*Material to process*.
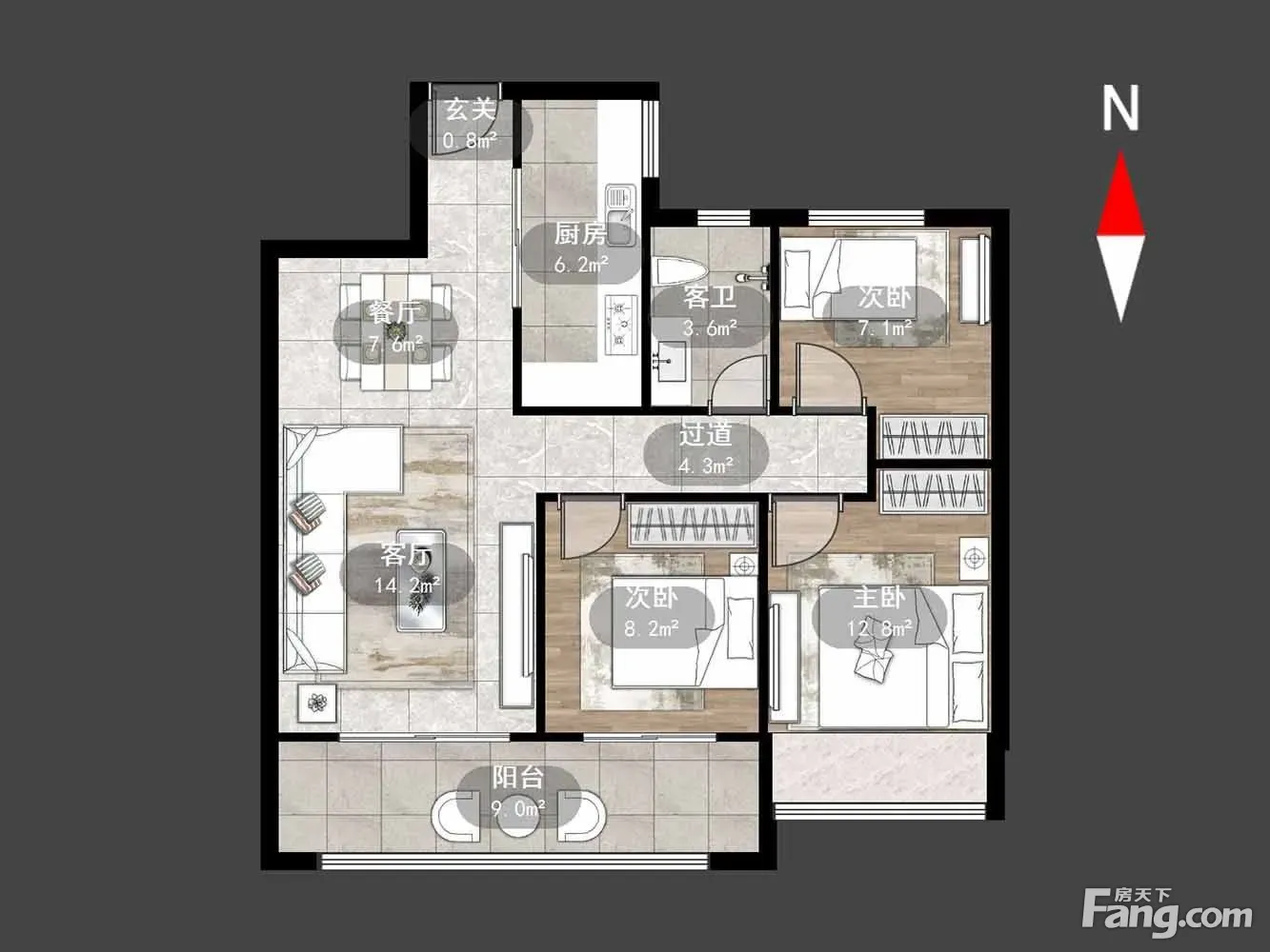 户型齐全,主打户型方正,卧室朝南,双阳台三居
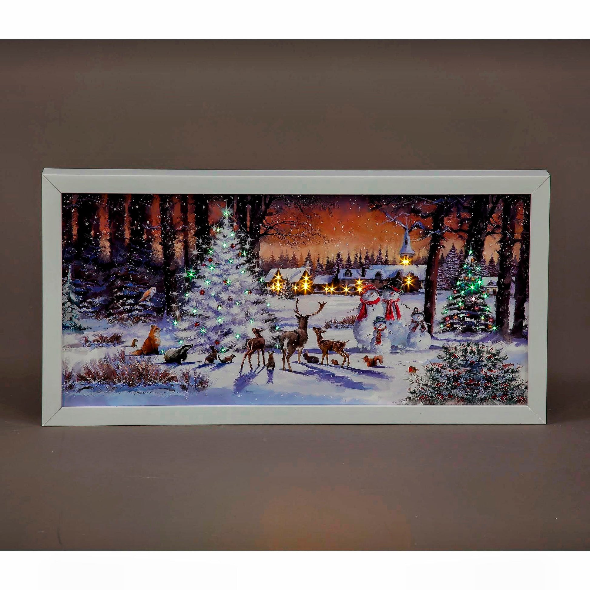 The canvas features a heartwarming scene of woodland animals and snowmen gathered around a sparkling Christmas tree, with a cosy village glowing softly in the background. The artwork is brought to life with a magical combination of lights: warm white LEDs give the village windows a welcoming glow, while twinkling fibre optics or cool white LEDs make the Christmas trees sparkle.
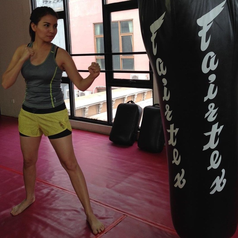 Olahraga yang menjadi favorit Tya saat ini adalah latihan bela diri tatsujin. Olahraga tatsujin merupakan olahraga bela diri campuran dari tinju, kick boxing, muay thai, dan brazilian jiu-jitsu. (Foto: Instagram/tya_ariestya)
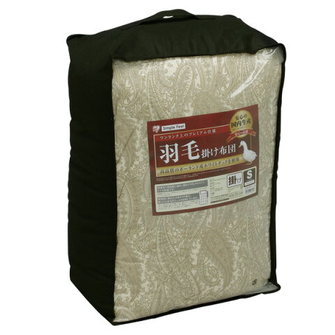 ●シングル ●商品サイズ(約):幅150×長さ210cm ※キルティング製(許容範囲+5%、-3%) ●材質 ・側生地:ポリエステル85%、綿15% ・詰めもの:ポーランド産羽毛70%、ポーランド産羽根30% ●目付け(約):90g/m2 ●カバー取り付け紐:7個 ●詰めもの重量(約):1.2kg ●原産国:日本 【お手入れ方法】 ※部分的に側地が汚れたら、すぐつまみ洗いし十分乾燥してください。
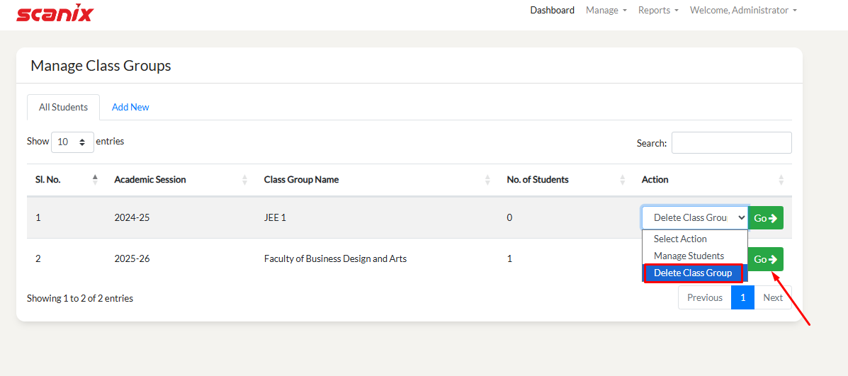 To Delete a Class Group, please click on the dropdown, then select "Delete Class Group" and click on the green button "Go".
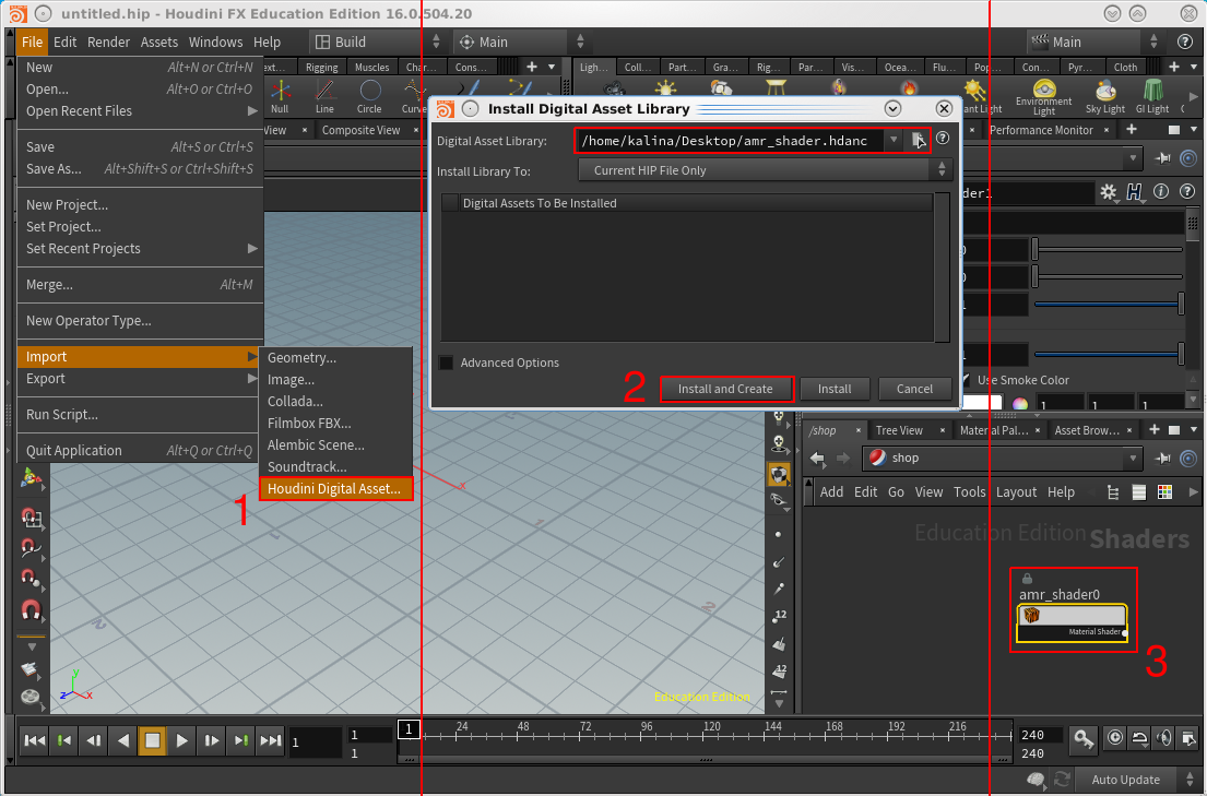 - Select the downloaded amr_shader.hdanc file, and clicking "Install and Create".
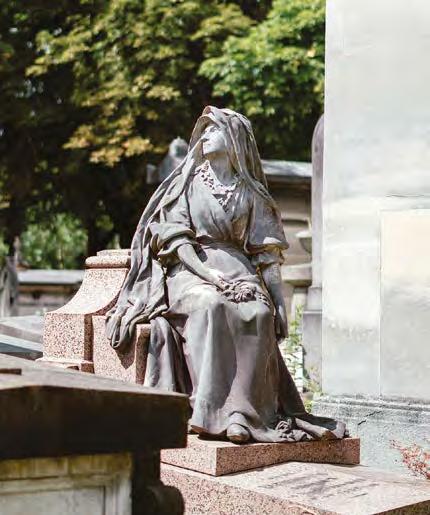 We located Morrison first. We knew we were drawing near as we spotted graffiti tributes scratched into surrounding graves, with etched arrows pointing us to the ‘Lizard King’. His grave was littered with offerings like fresh-cut flowers, hand-written letters, CDs and cigarettes. Small tombs lined cobbled paths, some with stained glass depicting saints or family emblems. It felt extremely Edward Gorey, with strange sculptures, uneven stone stairways, and intricate memento mori art.
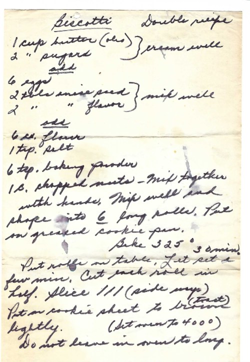 Making cookies seems to be a holiday tradition for most households this time of year. We’re no exception. My husband channels his Italian roots and tackles making a variety of biscotti based on his mother’s hand-written recipe. Although she focused on the traditional anise seed and toasted almond cookies, he has expanded the variety that comes out of our kitchen enormously. This includes a variety of nuts, flavors, and dried fruit. Coffee and chocolate, anyone? Yumm.
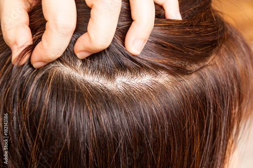 © ThamKC, Fototapeta premium Close-up on dyed hair roots of woman. No more grays.
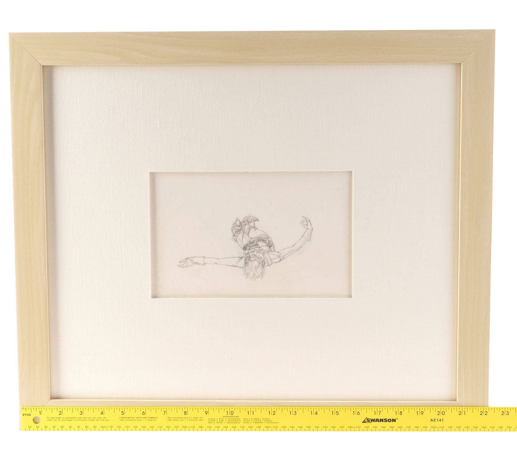 STAR WARS: EPISODE IV - A NEW HOPE (1977) - Framed Hand-Drawn Ralph McQuarrie Female Luke Skywalker Hanging from Tree Concept Sketch - A framed concept sketch of a female Luke Skywalker hanging from a tree hand-drawn by production illustrator Ralph McQuarrie for George Lucas' Star Wars: A New Hope. McQuarrie drew this sketch in between the second and third drafts of Lucas' screenplay, during which time the director considered using a female Luke. In the second draft, Luke's lifepod crashed into a tree.
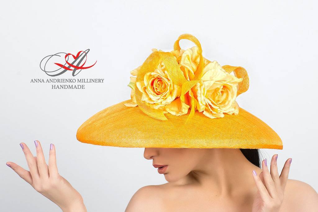 Желтая широкополая шляпа из синамей для скачек с цветами "Лучистая"
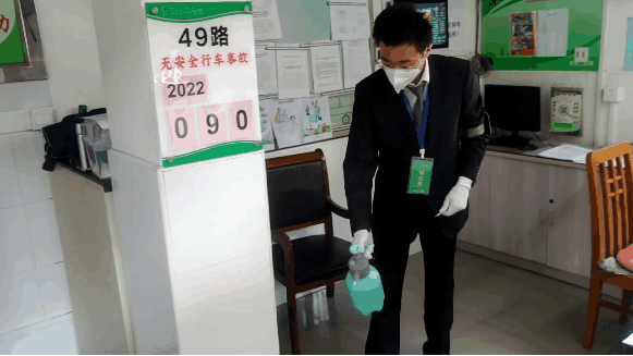 车辆营运结束后还会采取“预防+常规”的双消毒模式,回到停车场前,会有专人使用专业消毒设备对车辆进行全面喷洒消杀,停到车位后再由消毒人员使用消毒液对车厢内各部位进行擦拭消毒,确保车辆消毒工作不留死角。
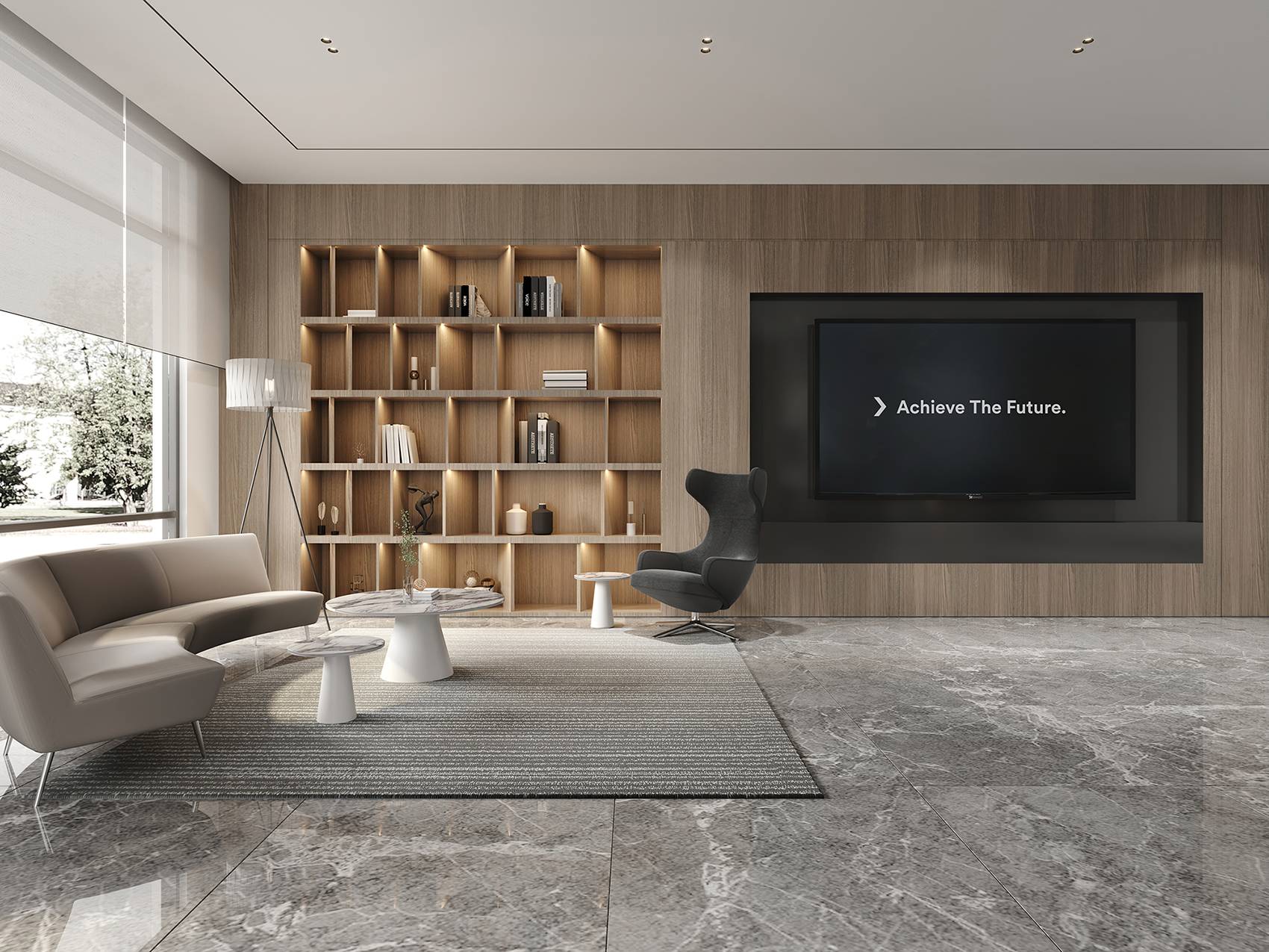 在董事长办公室的设计上,既有现代的简约感,又上位者该有的沉稳气场。浅灰色布艺硬包工艺与黑胡桃木饰面的层次感搭配,加上仿大理石地砖的铺设,呈现了空间含而不露的大气氛围。
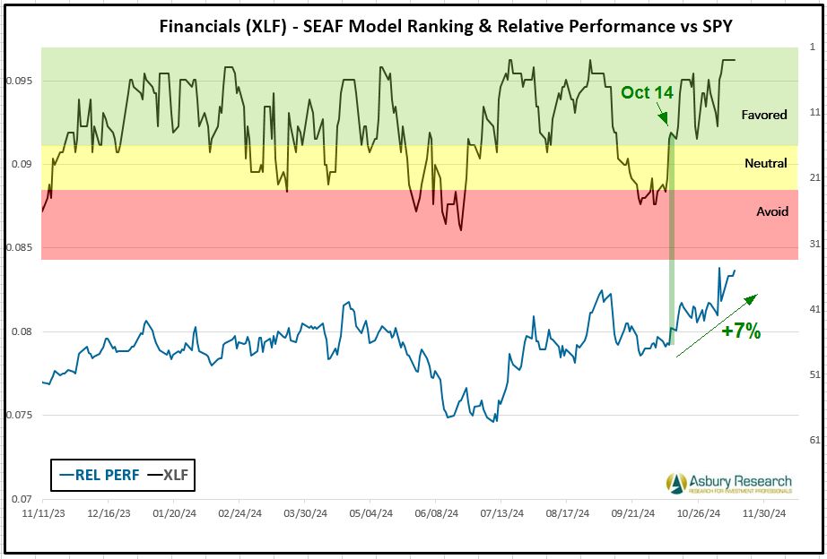 Cyclical Financials (XLF) is again the SEAF Model’s top-ranked sector this week with a Ranking score of 3, which is the highest ranking possible. The green highlights in the upper panel of Chart 1 below show that Financials moved into Favored status according to SEAF on Oct 14th, while the lower panel shows that XLF has coincidentally outperformed the S&P 500 (SPY) by 7%. As long as Financials maintains its Favored ranking according to SEAF, the more relative outperformance by XLF we are likely to see.
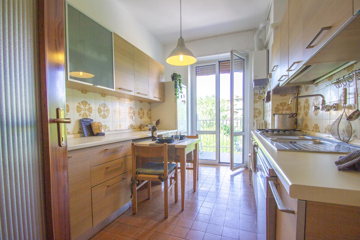 Composto da ingresso con disimpegno, soggiorno e cucina abitabile con accesso al terrazzino, tre camere da letto, ripostiglio e doppi servizi finestrati.
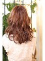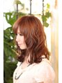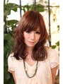 トップにレイヤーをいれて顔周りを軽くし前髪は、やや長めにおろし流します。中間毛先にふんわりカールを施しふんわりフェミニンなスタイルに似合わせカットで魅力アップ。
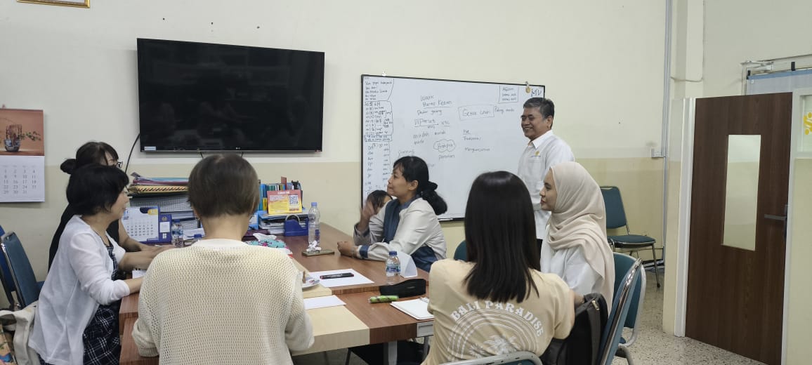 Lima orang wanita asal Jepang yang tinggal di Surabaya tengah mengikuti kelas Bahasa Indonesia di Program Studi S1 Pendidikan

*What is expected*. Of the lines above, quote exactly those from the one with "Making cookies seems" through the one with "Желтая широкополая шляпа", ends included; pictures stay out.

*Solution to the exercise*.
 Making cookies seems to be a holiday tradition for most households this time of year. We’re no exception. My husband channels his Italian roots and tackles making a variety of biscotti based on his mother’s hand-written recipe. Although she focused on the traditional anise seed and toasted almond cookies, he has expanded the variety that comes out of our kitchen enormously. This includes a variety of nuts, flavors, and dried fruit. Coffee and chocolate, anyone? Yumm.
 © ThamKC, Fototapeta premium Close-up on dyed hair roots of woman. No more grays.
 STAR WARS: EPISODE IV - A NEW HOPE (1977) - Framed Hand-Drawn Ralph McQuarrie Female Luke Skywalker Hanging from Tree Concept Sketch - A framed concept sketch of a female Luke Skywalker hanging from a tree hand-drawn by production illustrator Ralph McQuarrie for George Lucas' Star Wars: A New Hope. McQuarrie drew this sketch in between the second and third drafts of Lucas' screenplay, during which time the director considered using a female Luke. In the second draft, Luke's lifepod crashed into a tree.
 Желтая широкополая шляпа из синамей для скачек с цветами "Лучистая"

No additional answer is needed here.